Due sono i candidati presidenziabili, ambedue peronisti, Carlos Menem – che tenta la tripletta – e Nestor Kirchner semi sconosciuto Governatore della Provìncia di Santa Cruz. Il primo turno è vinto da Menem con circa il 27% su Kirchner al 23% . Menem certo di perdere il ballottaggio vi rinuncia e NK diviene presidente con il più basso numero di suffragi della storia argentina e non solo.
La sua presidenza inizia con una grande determinazione , mette in angolo i militari, mantiene i sussidi popolari stabiliti da Duhalde e concentra molto potere. Il “cielo” lo aiuta con raccolti record e prezzi dei cereali e della soia alle stelle.

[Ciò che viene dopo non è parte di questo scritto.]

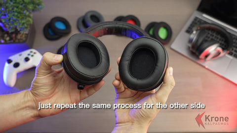 Die Ohrpolster sind um den seitlichen Schlitz des Kopfhörers gewickelt, Sie können die alten Ohrpolster direkt ganz herausziehen.
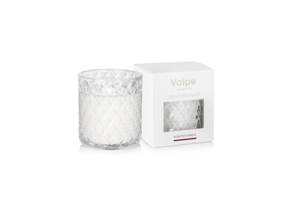 Prémiová vonná svíčka Velvet Bouquet v křišťálovém skle dokonale odráží světlo plamene a vytváří tak hřejivou atmosféru. Domov vám provoní šťavnatým ovocem, jemnými květinami a dřevitými tóny.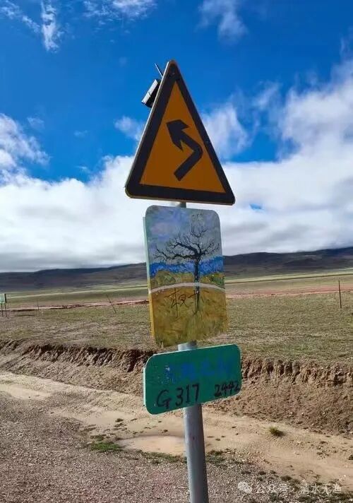 其实,“大地之树”的位置很好找,主要是找对方向,它位于那曲市尼玛县达泽措南,距尼玛县城30公里,317(2442)国道石墩旁。这棵树被317国道一分为二,它的树干在317以北,它的树根在317以南。

Kirchner riesce ha rinegoziare il debito andato in default e salda cash undici miliardi di dollari al FMI. La rinegoziazione crea tensioni con l’Italia massima detentrice di titoli argentini
Il paese si ricompatta dietro una sua popolarità crescente coadiuvato dalla moglie Cristina Fernandez senatrice e futura presidente.
Nel 2007 Kirchner non si ricandida – preservandosi per il 2011 – e la moglie CFK diviene presidente anche se i consensi popolari soprattutto al legislativo diminuiscono e appaiono con forza sulla scena politica due attori di grande importanza Mauricio Macri e Daniel Scioli rispettivamente eletti Jefe de Gobierno de la Ciudad de Buenos Aires e Governatore della provincia di Buenos Aires.
I prezzi della soia si mantengono in crescita e l’Argentina a sua volta cresce a ritmi asiatici e rinegozia il debito scaduto per la parte non “chiusa” nella precedente tornata.
Nel 2010 Kirchner muore improvvisamente e la moglie Cristina si ricandida alle elezioni del 2011 che vince comodamente come Macri e Scioli in Città e Provincia di Buenos Aires.
La politica di CFK si estremizza rispetto a quella del marito, aggressiva ma sostanzialmente moderata, e stringe alleanza con la Republica Bolivariana de Venezuela e mantiene l’apertura a Cuba e recentemente all’Iran.